Lets make this Freakmont the best and biggest ever. 

See ya there.


----------



## the1_theDAve (Jul 13, 2003)

THIS SATURDAY!!!
Like a few days away.

We've passed the 70 mark.

April 28th -  "Freakmont VIII"

Directions Posted.. FINALLY... sorry. I'm a slacker. 

Also Sacramento Caravan info posted for those interesting in the area of cruising together.
Caravan Info
If you have other Caravan info PLEASE email info asap. 

Also there is a printable PDF flyer available for the people that would like to hand out flyers to those not online. 

*Karting Schedule:*
11AM til 1PM - Practice Sessions ( those participating in the 10 Laps for $10 deal)
1PM - Mandatory Competition Drivers Meeting 
1:30PM - 4PM - Nissan Karting Competition 

If you haven't registered yet please still do. Its helps those plan accordingly

See you all there.


----------



## the1_theDAve (Jul 13, 2003)

Thanks so much everyone.
What a day. 
I had fun. 
Only one word.. WOW. 

April 28th -  "Freakmont VIII" - pictures, enjoy.



oh and the Moral of the story is... 


DON'T BE STUPID.


----------



## the1_theDAve (Jul 13, 2003)

Update regarding the incident:

First off Jason, the one that got hit, is doing better. He is out and posting online once again, however he last reported that he had 4 fractures in the head and was still under observation. Will update as he informs me. But things are looking good. He expressed that he doesn't blame anyone and hopes that everyone will learn from this.

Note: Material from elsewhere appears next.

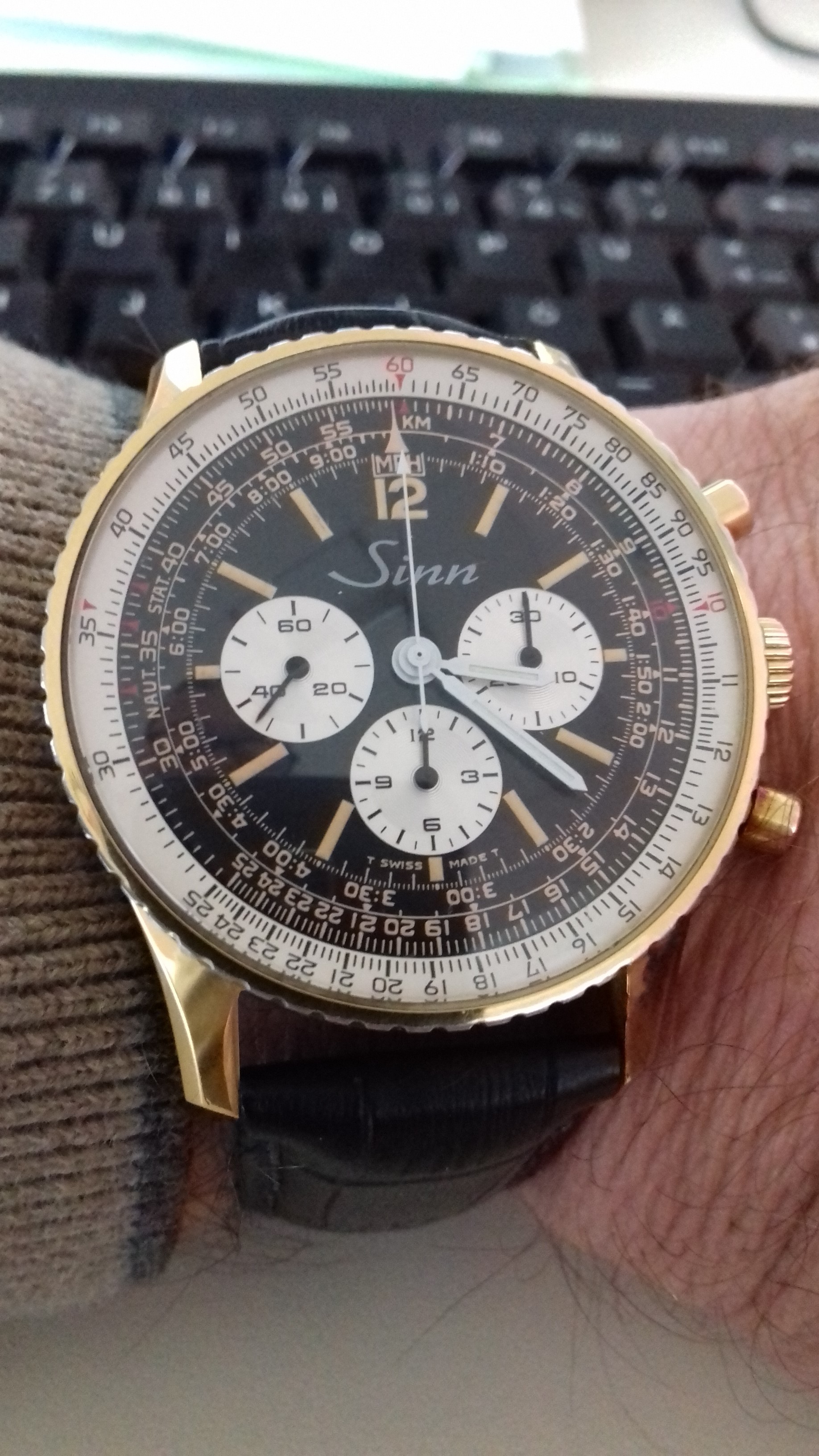Ursprünglich wollte ich mir damlas eine 903ST mit Lederband kaufen, denn das Geld für eine Breitling hatte ich nicht, dann hab ich aber eine Privatanzeige für den Verkauf einer Sinn 903 gesehen, noch dazu in meiner Nähe. Bin dann mit meiner Frau hingefahren, musste aber fesestellen dass die Uhr ja in Gold war, ich aber auf Stahl fixiert, während ich die Uhr begutachtete hat meine Frau mit dem Verkäufer über den Preis gesprochen, und zu guter letzt sagte Sie zu mir um das Geld musst du Dir diese Uhr nehmen. Was ich ich dann mit Wiederwillen gemacht habe.

Next is the driver, he is out pending a court date. Also, he expressed he was NOT trying to drift and had no intention of doing so. But rather he tried taking the corner in 2nd gear, along with his poor judgment he had a bad tire setup, luxury performance tires in the front(typical street tires) and racing performance tires(sticky tires), also he was late making his turn in which resulted in major understeering and eventually the accident.

Also I've updated this info on the site.


----------



## the1_theDAve (Jul 13, 2003)

I must clarify. 
As I've been getting negative and misunderstood feedback concerning my update in the previous post. 

I only posted that, Not to excuse his lack of judgment of showing off, but merely stating facts that his setup was defunct before it happen. He should of known this before doing something stupid.
I posted because I wanted to get the facts straight due to my assumption that he was drifting or trying to.
He said that he doesn't know how to drift and wasn't attempting to do so, he was doing something else just as dangerous and unsafe and taking street corner TOO FAST.

I am not in any way excusing what he did. It was uncalled for and will be punished. However the driver does realize this was stupid knows he's got some serious crap ahead for him. 

I do not stand for this type of behavior at my events. I try and make it known as much as possible.


----------